# SAT-T60 vs HDVR2



## wrbaldwin (Apr 11, 2003)

I currently have a SAT-T60. It's almost 2 years old and we love it. Looking on eBay I've seen used SAT-T60 selling for $250 - $350. Some of these don't even have access cards. While a few higher priced ones we're selling with lifetime subscriptions, most did not have lifetime subscriptions.

My thought is that if I can get $200 - 250 for my SAT-T60 on eBay, I'd break even getting a newer HDVR2.

Am I missing something here? Why are these people paying so much for SAT-T60s when they could buy a new HDVR2 for $220 - $250 any number of places, including Best Buy?

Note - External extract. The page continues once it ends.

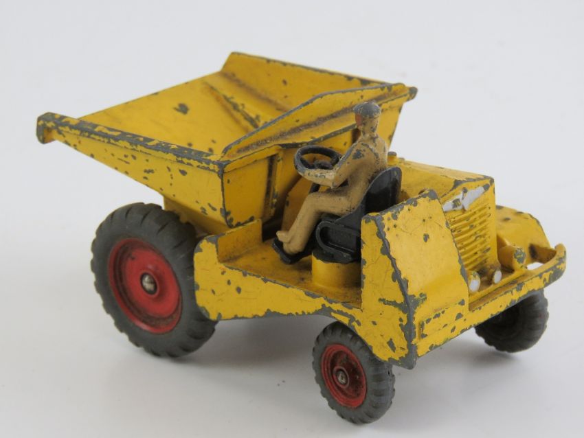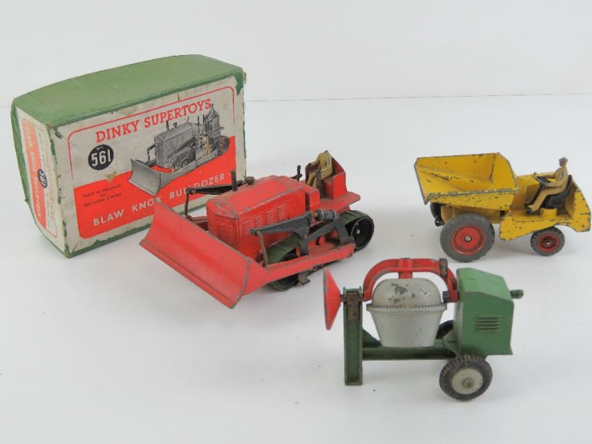 A Dinky Super Toys Blaw Knox Bulldozer in original box (bottom of box deficient. Together with a Dinky Super Toys Muir-hill Dumper Truck and a cement mixer. Two items.

Check out the auctions by going to eBay.com and searching for SAT-T60. There are currently 14 for sale. Most are over $200.

Thanks


----------



## James_F (Apr 23, 2002)

There is no reason to pay for a T60 when you can get a HDVR2 for about the same. Most of those people paid almost nothing a couple years ago when TiVo was giving them away. I'd get a HDVR2....


----------



## TerryC (Jul 18, 2002)

Are they hackable? Maybe that's why they fetch so much money.


----------



## spanishannouncetable (Apr 23, 2002)

Reasons why T60's sell for a premium -

1) It's a Sony. Some people won't buy anything else.

2) It is easier to add a second drive to any Series 1 because the drive bracket inside accomodates it. You have to buy a special bracket to add a second drive to a HDVR2.

3) Some people prefer the Sony remote to the standard TiVo-style "peanut".

4) Buying a new HDVR2 at BB or CC means signing a 1-year contract to get it for ~$200. Non-activation of the receiver results in a penalty charge of $250. 
A used T-60, DSR6000 or Hughes DirecTiVo can be bought on ebay with no contract attached. Even if it has no card, Directv will send one (for $20) to whoever activates it.

5) The receiver may have been hacked to provide free TiVo service. If it never needs to call out, it has been hacked and will not receive any more software updates. If it is a hacked box with software version 2.5.2 and a P3 card, it will soon become a shiny, silver paperweight


----------